If you’ve ever attended an outdoor music festival and wondered why your exposed skin was serving as a feast for mosquitoes, the answer might have to do with your drink of choice. In what might be the most impressive choice for fieldwork ever, a group of researchers arrived at the Netherlands’ Lowlands Music Festival seeking to answer an existential question for many music fans: Does drinking beer make someone more attractive to mosquitoes?
The paper, which has an all-time great title — “Blood, sweat, and beers: investigating mosquito biting preferences amidst noise and intoxication in a cross-sectional cohort study at a large music festival” — was based on results from a lab that was set up at the festival in question. Participants in the study were asked questions about their personal hygiene, diet and alcohol consumption. Then, each participant had their arm placed in a cage where mosquitoes could choose between biting them and opting for a sugar feed.
Among the scientists’ findings: drinking beer does make someone more attractive to mosquitoes. The authors wrote that “mosquitoes showed a clear fondness for those who drank beer over those who abstained from the liquid gold.” Attraction itself also sparked interest from the airborne insects. The scientists observed, “participants that successfully lured a fellow human into their tent the previous night also proved more enticing to mosquitoes.”

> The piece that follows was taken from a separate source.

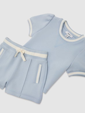 13-14 Yrs Premium Interlock Top And Shorts Set In Pale Blue
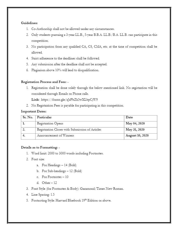 - Only students pursuing a 3-year LLB, 5-year BBA LLB/BA LLB can participate in this competition.

As for what turned mosquitoes off, the use of sunscreen and an aversion to showering made the bugs less likely to feast. Which may leave some hygiene-focused music fans with a dilemma on their hands.
The researchers who conducted the study concluded that mosquitoes “simply have a taste for the hedonists among us.” As Paul Arnold observed in an article on the study for Phys.org, the scope of these results is limited, with a focus on only one festival. Still, the paper’s authors did note that their work is “to our knowledge the largest study of its kind.” If nothing else, it’s a good reminder about the importance of sunscreen at outdoor festivals.